# Listed records
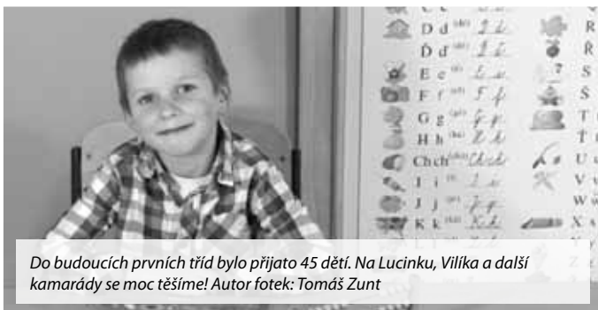
Do budoucích prvních tříd bylo přijato 45 dětí. Na Lucinku, Vilfka a další kamarády se moc těšíme!
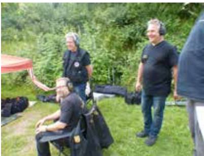
Stimmung? Wie immer klasse!
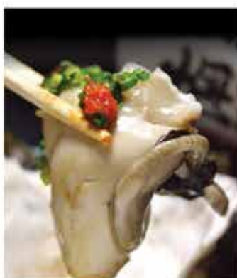
49. 日本廣島去殼刺身生蠔 Size L 約36-45隻/約1kg 零售價-$278 會員價$159
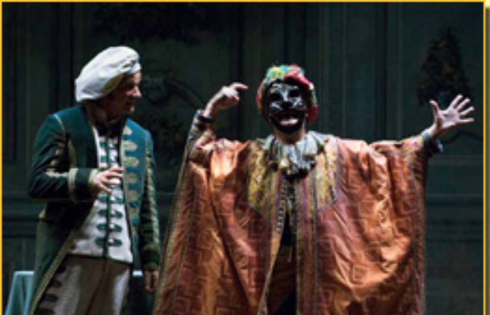
EL TIEMPO DE LOS... UN TIEMPO DE LIBERTAD... EL TIEMPO DE LOS... el tiempo de los abuelos
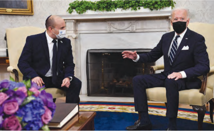
بايدن وبينيت في صورة ارشيفية

كشفت إذاعة الجيش الإسرائيلي أمس الأربعاء، أن رئيس الوزراء نفتالي بينيت أبلغ وزراءه خلال جلسة الكابينة (المجلس الوزاري السياسي والأمني المصغر) الأخيرة، أنه فوجئ بالضغط الأميركي ضد الاستيطان في الضفة المحتلة. وبحسب إذاعة الجيش الإسرائيلي، قال بينيت «لقد فوجئت بالضغط الأميركي ضد
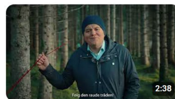
Fem gode grunнар til å planlegge. Opplæring for politikarar
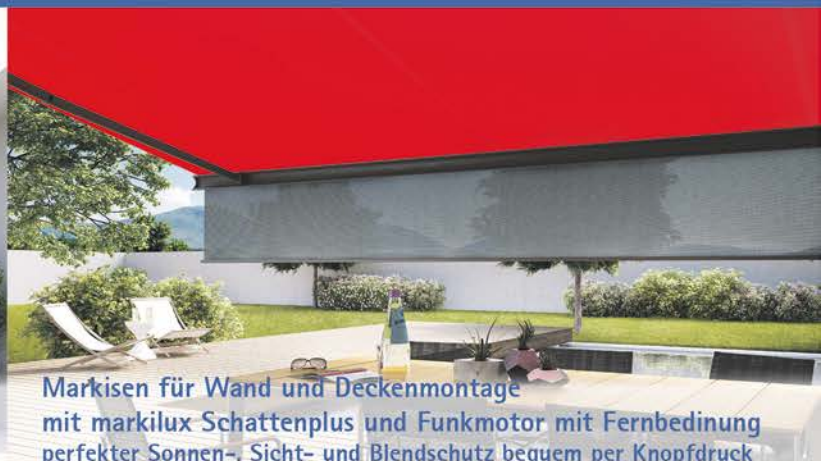
Markisen für Wand und Deckenmontage mit markilux Schattenplus und Funkmotor mit Fernbedingung perfekter Sonnen-, Sicht- und Blendschutz bequem per Knopfdruck

Pavillons, verdrehbar – Gewächshäuser in unserer Ausstellung
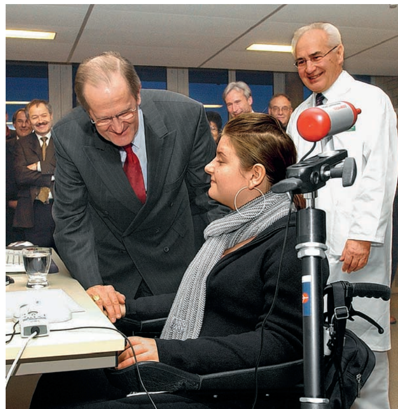
Auta visita: Il president da la confederaziun Joseph Deiss è impressiunà da quai che la giuvna Turitgaisa demonstrascha al computer.
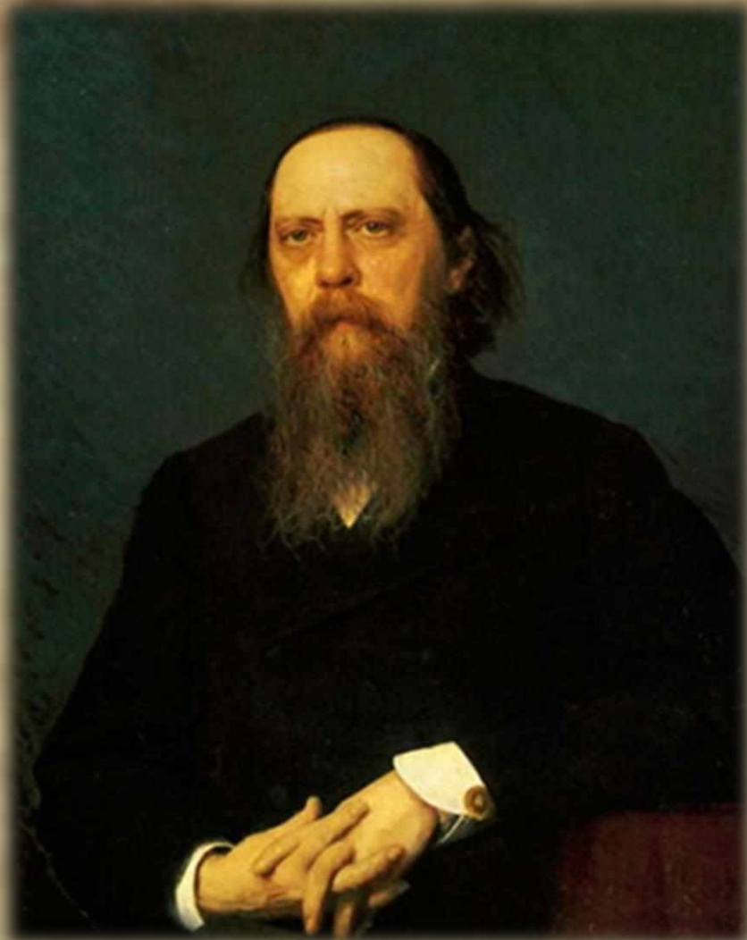
Портрет М.Е. Салтыкова-Щедрина кисти художника Ивана Крамского

Вернуться из ссылки Салтыкову было разрешено в декабре 1855 года. В 1856 году он поступил на службу в Министерство внутренних дел в качестве чиновника по особым поручениям. На этой должности Михаил Евграфович столкнулся с масштабными злоупотреблениями местных властей. В том же 1856 году Михаил Салтыков вернулся к литературной деятельности и начал публиковаться в различных петербургских журналах под псевдонимом «Николай Щедрин». Впоследствии этот псевдоним стал неразделимым с его настоящей фамилией.
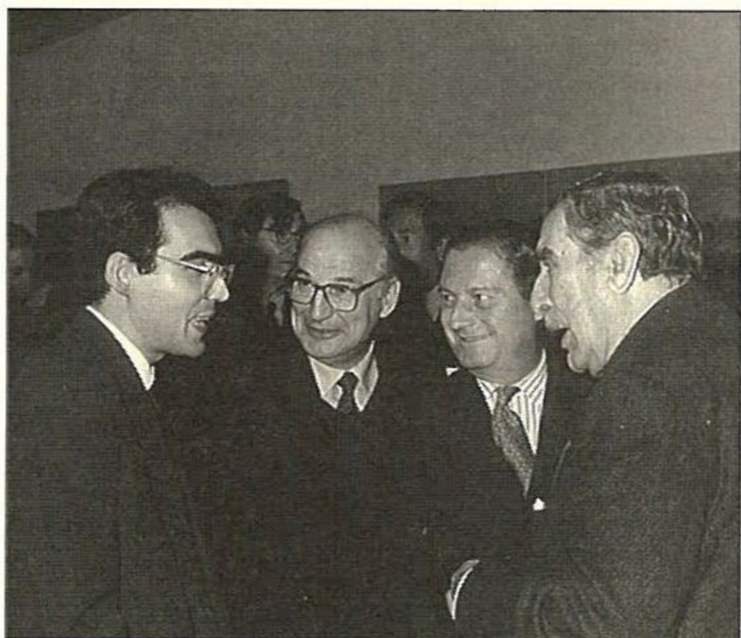
Premios FOCUS 1992

Igualmente FOCUS, teniendo en cuenta los estatutos de su carta fundacional, ha adjudicado entre los familiares del personal que presta sus servicios en la empresa ABENGOA, S.A. y sus sociedades filiales 129 Becas de Preescolar, 1.033 Becas de E.G.B., 237 Becas de B.U.P., 170 Becas de Formación Profesional, 65 Becas de Estudios Universitarios, 26 Becas de Educación Especial, 54 Becas de Graduado Social, 12 ayudas para estudio de idioma en el extranjero en cursos de verano, y siete premios de Fin de Estudios en los diversos niveles de enseñanza.
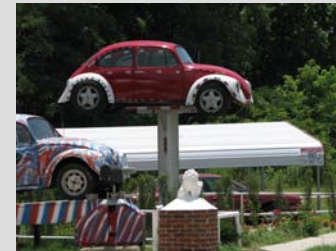
Anuncios tridimensionales o esculturas
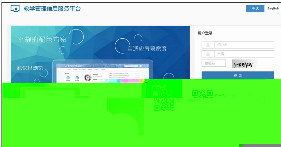
Ä . 1 ,« ... í5 Ä

# Exercise goal
All lines above with the word "FOCUS" need to be reported.

# The completed task
Premios FOCUS 1992
Igualmente FOCUS, teniendo en cuenta los estatutos de su carta fundacional, ha adjudicado entre los familiares del personal que presta sus servicios en la empresa ABENGOA, S.A. y sus sociedades filiales 129 Becas de Preescolar, 1.033 Becas de E.G.B., 237 Becas de B.U.P., 170 Becas de Formación Profesional, 65 Becas de Estudios Universitarios, 26 Becas de Educación Especial, 54 Becas de Graduado Social, 12 ayudas para estudio de idioma en el extranjero en cursos de verano, y siete premios de Fin de Estudios en los diversos niveles de enseñanza.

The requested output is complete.